Threonine metabolism mainly occurs in:
- Liver
- Kidney
- Pancreas
- Intestinal mucosa
Chemical Structure and Properties
| Property | Description |
|---|---|
| Chemical Formula | C₄H₉NO₃ |
| Molecular Weight | 119 Da |
| Type | Essential amino acid |
| Nature | Polar, uncharged |
| Functional Group | Hydroxyl group (-OH) |
| Classification | Glucogenic and ketogenic |
Dietary Sources
Vegetarian Sources
| Food | Threonine Content |
|---|---|
| Soybean | High |
| Lentils | Moderate |
| Nuts | Moderate |
| Seeds | Moderate |
| Whole grains | Moderate |
Non-Vegetarian Sources
| Food | Threonine Content |
|---|---|
| Eggs | High |
| Fish | High |
| Chicken | High |
| Milk | Moderate |
| Meat | High |
Absorption and Transport
- Threonine is absorbed in the small intestine by sodium-dependent amino acid transporters.
- Transported through portal circulation to liver.

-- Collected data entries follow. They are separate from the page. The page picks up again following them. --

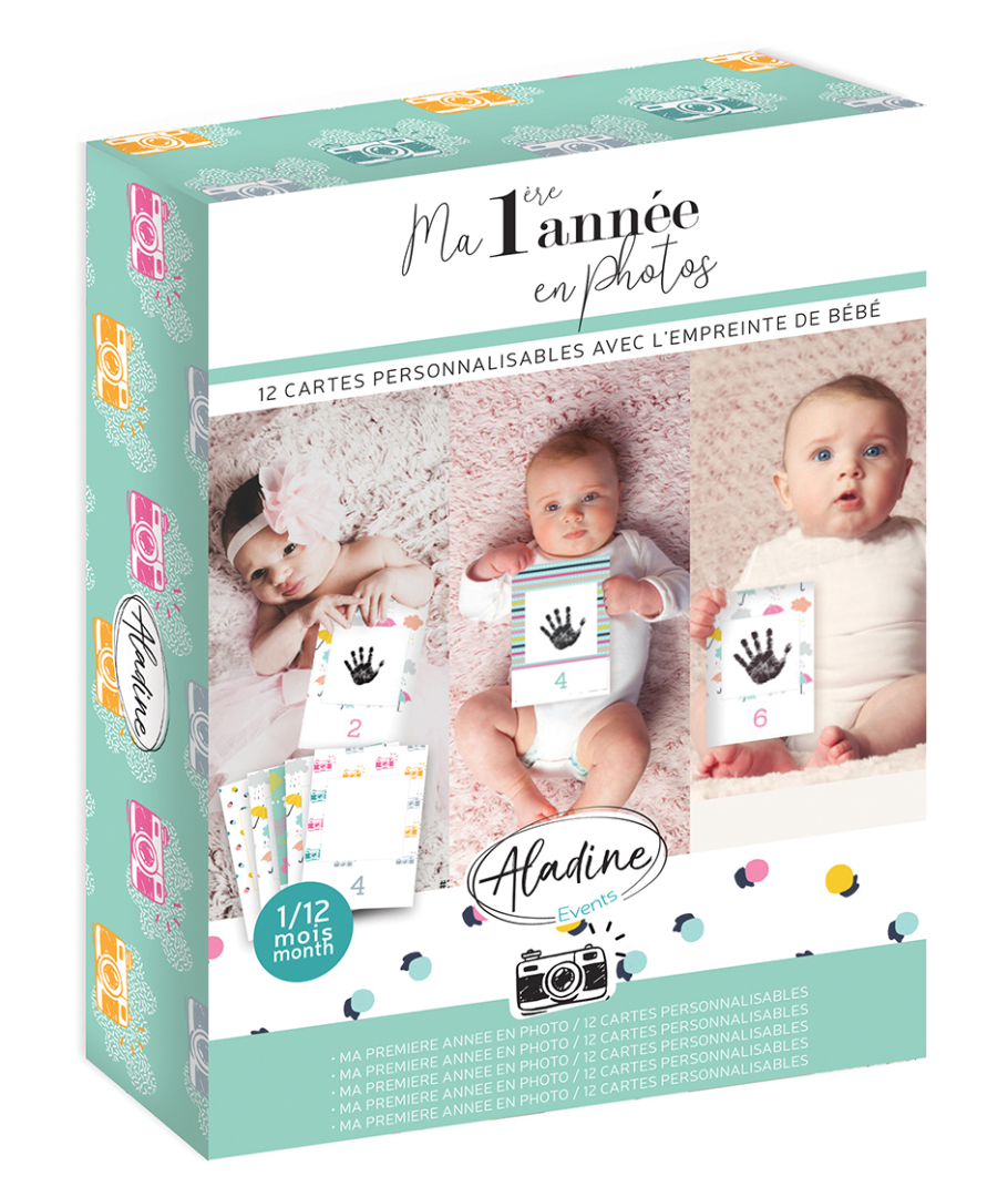 Coffret comprenant 10 cartes décorées et personnalisables avec les empreintes des mains et pieds du bébé et 1 encreur répondant aux normes des enfants de moins de 3 ans. Prenez de belles photos souvenirs pour vous remémorer sa première année.
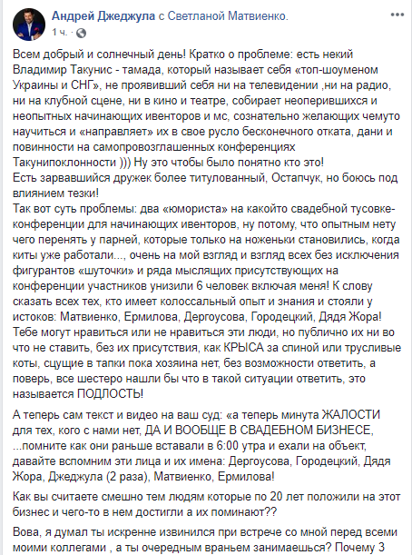 Свою версию конфликта обнародовал Андрей Джеджула, который назвал Владимира Такудиса не проявившим себя ни на телевидении, ни на радио, ни на клубной сцене, ни в кино человеком, который собирает начинающий ивенторов и мс на самопровозглашенных конференциях. Владимира Остапчука, который был ведущим на сцене, Джеджула назвал более титулованным зарвавшимся дружком Владимира Такудиса.
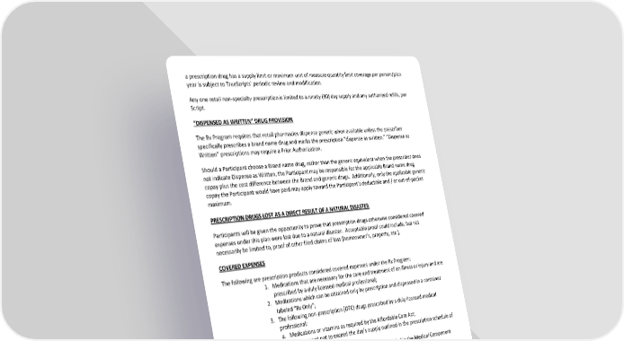 a prescription drug has a supply limit or maximum unit of measure quantity limit coverage per person/plan year is subject to TrueScripts’ periodic review and modification. Any one retail non-specialty prescription is limited to a ninety (90) day supply and any authorized refills, per Script. “DISPENSED AS WRITTEN” DRUG PROVISION The Rx Program requires that retail pharmacies dispense generic when available unless the prescriber specifically prescribes a brand name drug and marks the prescription “dispense as written.” “Dispense as Written” prescriptions may require a Prior Authorization. Should a Participant choose a Brand name drug, rather than the generic equivalent when the prescriber does not indicate Dispense as Written, the Participant may be responsible for the applicable Brand name drug copay plus the cost difference between the Brand and generic drugs. Additionally, only the applicable generic copay the Participant would have paid may apply toward the Participant’s deductible and / or out-of-pocket maximum. PRESCRIPTION DRUGS LOST AS A DIRECT RESULT OF A NATURAL DISASTER Participants will be given the opportunity to prove that prescription drugs otherwise considered covered expenses under this plan were lost due to a natural disaster. Acceptable proof could include, but not necessarily be limited to, proof of other filed claims of loss (homeowner’s, property, etc.). COVERED EXPENSES The following are prescription products considered covered expenses under the Rx Program: 1. Medications that are necessary for the care and treatment of an illness or injury and are prescribed by a duly licensed medical professional; 2. Medications which can be obtained only by prescription and dispensed in a container labeled “Rx Only”; 3. The following non-prescription (OTC) drugs prescribed by a duly licensed medical professional: a. Medications or vitamins as required by the Affordable Care Act; b. In an amount not to exceed the day’s supply outlined in the prescription schedule of benefits; and c. All other non-prescription OTC drugs that are included in the Medical Component Plan document. 4. Medications for medical treatment or prescription coverage not otherwise excluded by the Medical Component Plan or this Rx Program; and 5. Covered medications prescribed and filled while the Participant is a Participant in this Rx Program. Huntington County Community Schools Prescription Benefits Program SPD January 1, 2025 Page 8 of 15
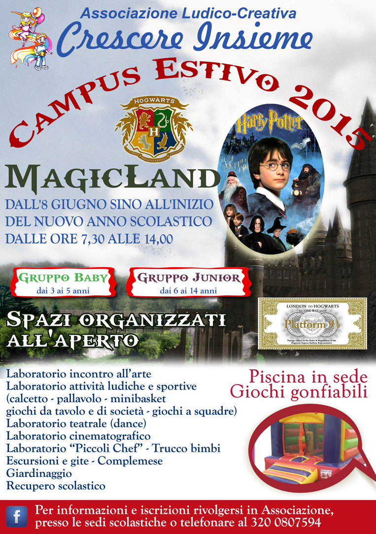 E’ partito lo scorso 8 giugno e proseguirà fino all’inizio del nuovo anno scolastico il Campus Estivo 2015 organizzato dall’Associazione Ludico-Creativa Crescere Insieme.
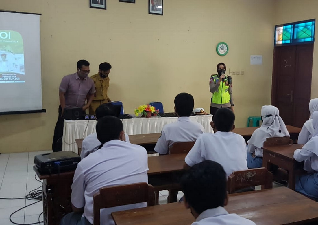 Hadir mewakili Satlantas Polres Sukoharjo, Ipda Niken, mengimbau kepada siswa-siswi SMK Kriya Sahid untuk menjadi pelopor keselamatan berlalu lintas dengan selalu mematuhi prokes guna mendukung percepatan penanganan penyebaran Covid- 19.
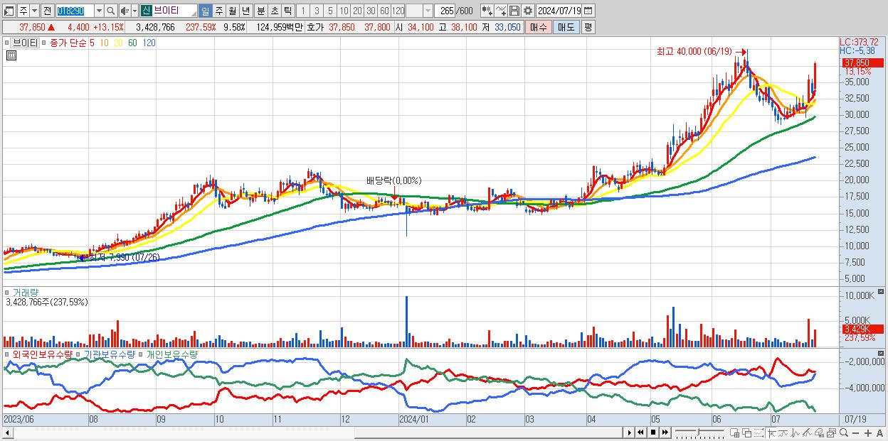 - 브이티 (37,850원 ▲ 13.15% , 시총: 13,550억, 거래량: 3,428,766, 거래대금:1,250억)

- Distributed to tissues for:
- Protein synthesis
- Energy metabolism
- Cellular growth
Metabolism
| Pathway | Major Product |
|---|---|
| Threonine aldolase pathway | Glycine + Acetaldehyde |
| Threonine dehydratase pathway | α-Ketobutyrate |
| Aminoacetone pathway | Acetyl-CoA |
| Protein incorporation | Structural proteins |
Catabolism
Threonine degradation mainly occurs in mitochondria of liver cells.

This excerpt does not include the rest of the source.